Michael Ward on Monday, October 04

★★★
I mean this as a compliment and not as sarcasm: The Hidden Life of Trees is a soothing, calming podcast of a documentary - an academia-level investigation on how trees communicate with each other and are so crucial and vital to our very existence on the planet. What the film lacks for enthusiasm and cinematic vigor, it makes up for it with a dedicated, focused delivery of information and knowledge.

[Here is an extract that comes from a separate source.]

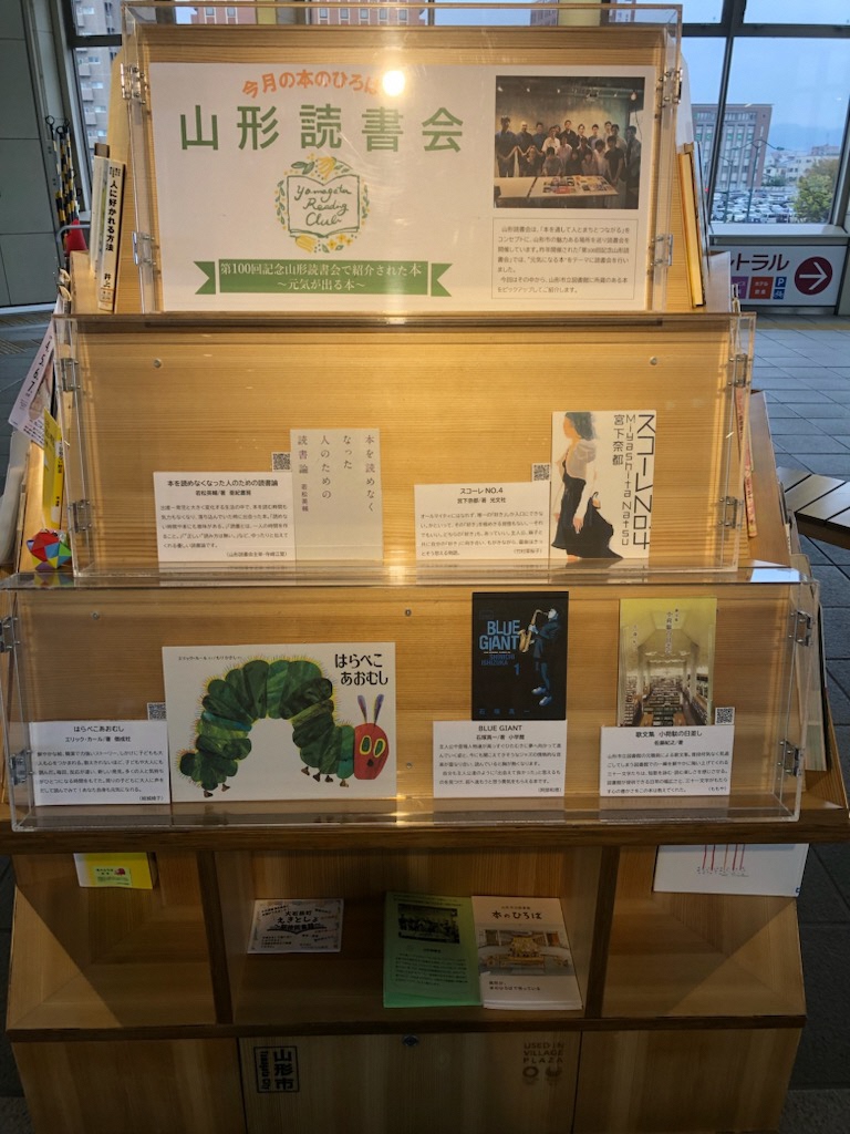 山形読書会が選ぶ『第100回記念山形読書会で紹介された本 元気が出る本』を展示しています。
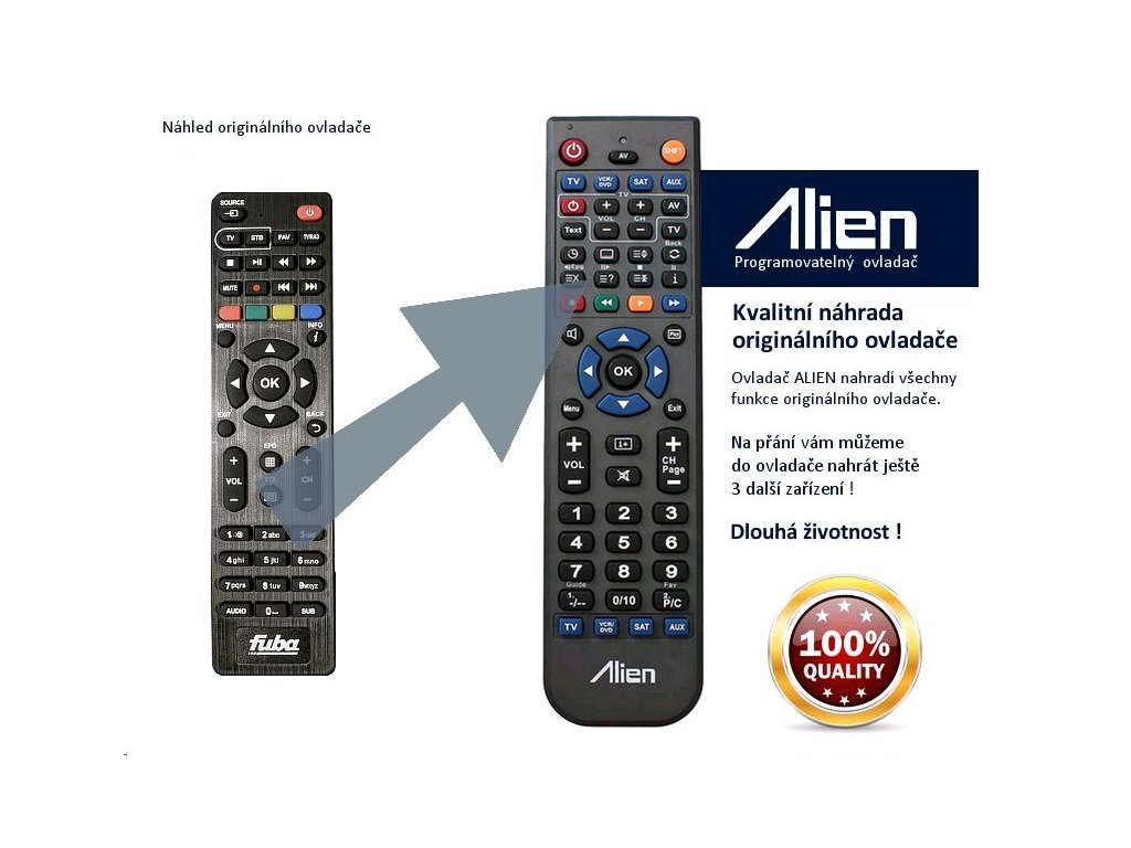 Ovladač ALIEN 4v1 lze naprogramovat až na 4 přístroje. Znamená to, že můžete jedním ovladačem ovládat současně satelitní přijímač, televizor nebo třeba DVD. Chcete-li objednat ovladač naprogramovat ještě další zařízení, napište nám do objednávky do poznámky přesný typ zařízení dálkového ovládání vašeho zařízení.

For the arborists, dendrologists, and tree enthusiasts in the world, Peter Wohlleben’s narration and navigation through this material is going to be everything they could ever hope for. For the rest of us, my wife described the film as “relaxing” and “pretty informative.” For those with a passing interest in the subject matter, The Hidden Life of Trees can be fun and engaging in fits and starts. At times, the movie loses you, as if you have stumbled into a garden party of tree enthusiasts as a “+1” and have zero to contribute to any conversation you find yourself in.
And even if co-directors Jörg Adolph and Jan Haft let the movie run a bit long at 85 minutes, they present Wohlleben and their talking heads in an inviting way. You may not be savvy enough to add much to the conversation, but boy oh boy, is everyone so happy you chose to join them.
The film has stunning cinematography, the wandering eye and camera of cinematographer Daniel Schönauer a necessary and effective one. And Wohlleben offers some intriguing support for his thesis of trees being communicative. He describes them as sentient, able to feel pain, and questions how much we take them for granted. Wohlleben more than makes his case and if you can stay with him, focus and pay attention, and not get lost in the walkabout through the German forests where much of the film takes place, The Hidden Life of Trees will educate you in a warm and inviting way.
The Hidden Life of Trees was screened as part of SIFF DocFest 2021.